富士通ら4者が東北で「ものづくり基盤強化コンソーシアム」を設立。震災からの復興に向けた環境作りを支援、災害に強いモノづくり環境の実証実験を始める。実証実験期間(2012年3月〜2013年3月)中は無償で利用できる。対象は中堅・中小製造業。
富士通、アルプス電気、東京エレクトロン宮城、宮城県産業技術総合センターの4者は2012年6月15日、「ものづくり基盤強化コンソーシアム」を共同で設立すると発表した。コンソーシアムでは、宮城県仙台市内に「宮城ものづくりクラウドセンター」を設置し、パブリッククラウド環境を使った設計・開発環境について実証実験を行う。実証実験期間(2012年3月〜2013年3月)中は無償で利用できる。対象は中堅・中小製造業で「県内の企業を優先するが、他の県・地域を排除するものではない」(富士通広報部)としている。
申し込みは、宮城県産業技術総合センターが窓口となる。宮城県内に開発センターと3つの工場を持つアルプス電気、本社および2つの事業所を持つ東京エレクトロン宮城の2社は、宮城県を代表する製造系企業として、このコンソーシアムで主にアドバイザとして協力するとしている。
同日から利用者を募集し、同年6月25日から利用できる。宮城ものづくりクラウドセンターは、富士通エフ・アイ・ピー 東北データセンター内に設置する。
今回コンソーシアムが提供するのは、既存の一般的なPCやインターネット回線で利用できる、設計ツール・シミュレーションツール類を利用した高度なモノづくり環境などをクラウド上に構築したシステムだ。

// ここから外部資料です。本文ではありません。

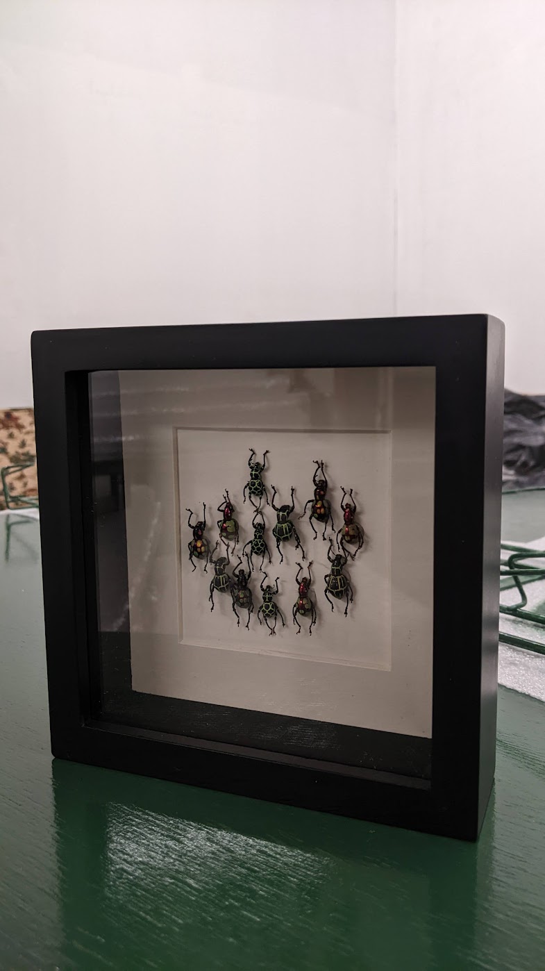 Houten kwaliteitsvolle museumkader met een verzameling van verschillende snuitkevers. Verwonderlijk hoeveel verschillende patronen deze kevertjes hebben.

通常、設計・開発環境を用意するには、CADツールや物理シミュレーションツールなどが必要だ。これらのツールを利用するには演算能力の高いワークステーションが必要となる。最近では、仮想デスクトップ環境を構築する企業もあるが、いずれも企業内にサーバを持つ、比較的投資規模の大きなものが中心だった。
今回富士通らが実証実験を行うのはパブリッククラウドでの環境提供だ。インターネット回線経由でサーバにアクセスし、コンピュータリソースを複数の企業で共有する。

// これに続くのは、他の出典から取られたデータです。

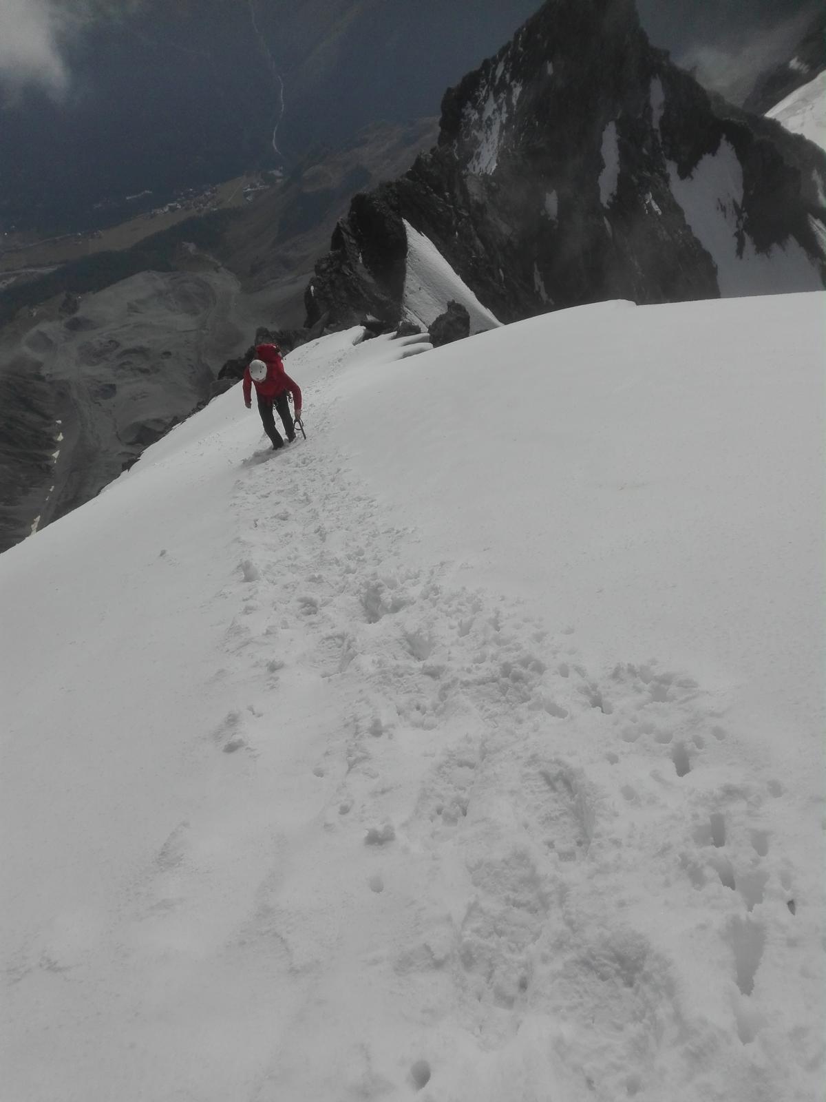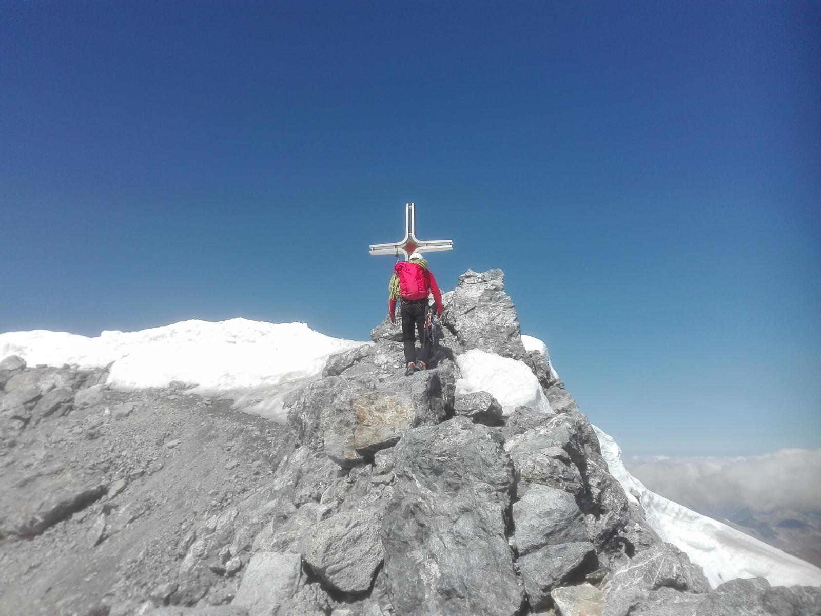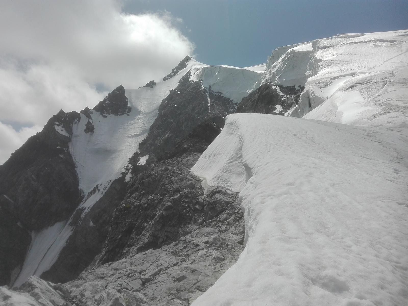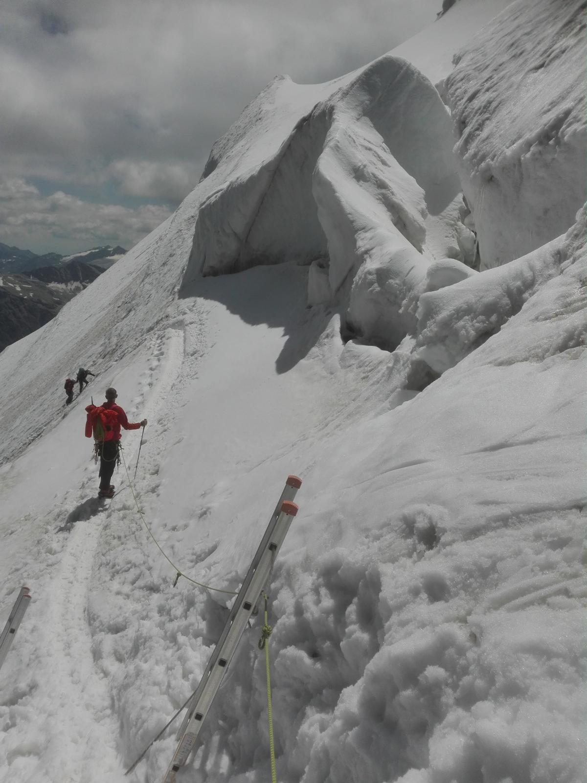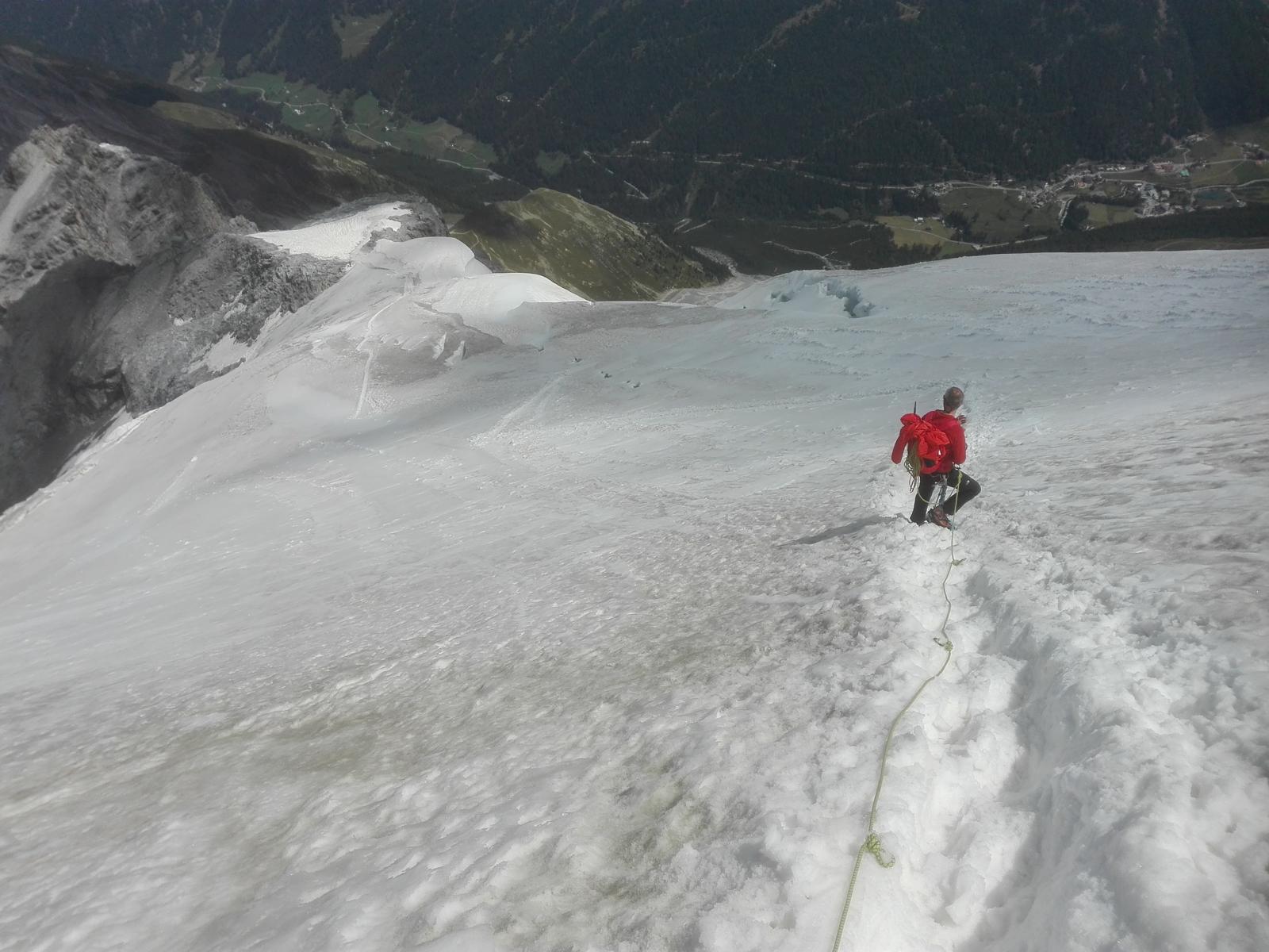 Gefahreneinschätzung: am Hintergrat gering, am Normalweg sind einige, auch größere, Spalten zu queren und steile Stellen, die beginnen blank zu werden

これにより、災害やパンデミック発生時の開発環境維持などの、開発継続に必要なリソースを安全に確保する狙いがある。
実証実験の内容は次の通り。
利用環境の検証 専用線ではなく一般のインターネット回線を経由した接続でのネットワーク帯域の利用状況や操作性への影響を検証する。アプリケーションや開発規模による影響も検証する。
クラウド環境下でのデータ共有、事業継続性の検証 今回のパブリッククラウド環境提供では、企業間のデータ共有や、データの安全な格納場所としてのクラウド環境の有効性を確認する。接続端末が消失した場合にも、別の環境から接続して作業を継続できるか検証する。

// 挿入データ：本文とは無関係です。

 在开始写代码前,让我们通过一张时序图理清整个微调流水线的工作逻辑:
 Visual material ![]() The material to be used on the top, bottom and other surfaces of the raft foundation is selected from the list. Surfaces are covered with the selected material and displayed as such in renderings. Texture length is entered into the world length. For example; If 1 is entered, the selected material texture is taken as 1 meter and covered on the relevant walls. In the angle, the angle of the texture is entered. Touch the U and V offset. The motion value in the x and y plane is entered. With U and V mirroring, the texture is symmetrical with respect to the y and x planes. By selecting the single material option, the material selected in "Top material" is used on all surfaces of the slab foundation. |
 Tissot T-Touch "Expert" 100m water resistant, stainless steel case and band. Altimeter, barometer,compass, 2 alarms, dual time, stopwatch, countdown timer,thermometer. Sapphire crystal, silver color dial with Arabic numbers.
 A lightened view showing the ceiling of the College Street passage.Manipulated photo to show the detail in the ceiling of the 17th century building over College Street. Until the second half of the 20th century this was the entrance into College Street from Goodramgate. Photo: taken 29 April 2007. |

事業化モデルの検証 クラウドでの設計・開発環境提供をビジネス化するため、宮城県産業技術総合センターと共同でセミナーや操作体験説明会を実施する。
復興、事業継続性向上への活用 震災からの復興途上にある宮城県に立地することで、周辺地域の中堅・中小企業のビジネス再立ち上げの初期負担を軽減する狙いもある。
富士通は、2011年6月11日、独自の画僧軽量化技術を採用した設計・開発環境向けのクラウドサービス「エンジニアリングクラウド」を発表している。今回の実証実験はこのエンジニアリングクラウド環境を活用したものになる。エンジニアリングクラウドサービスは2012年6月20〜22日に開催される「第23回 設計・製造ソリューション展」でも展示される。展示会の情報はMONOist「第23回 設計・製造ソリューション展 特集」で確認できる。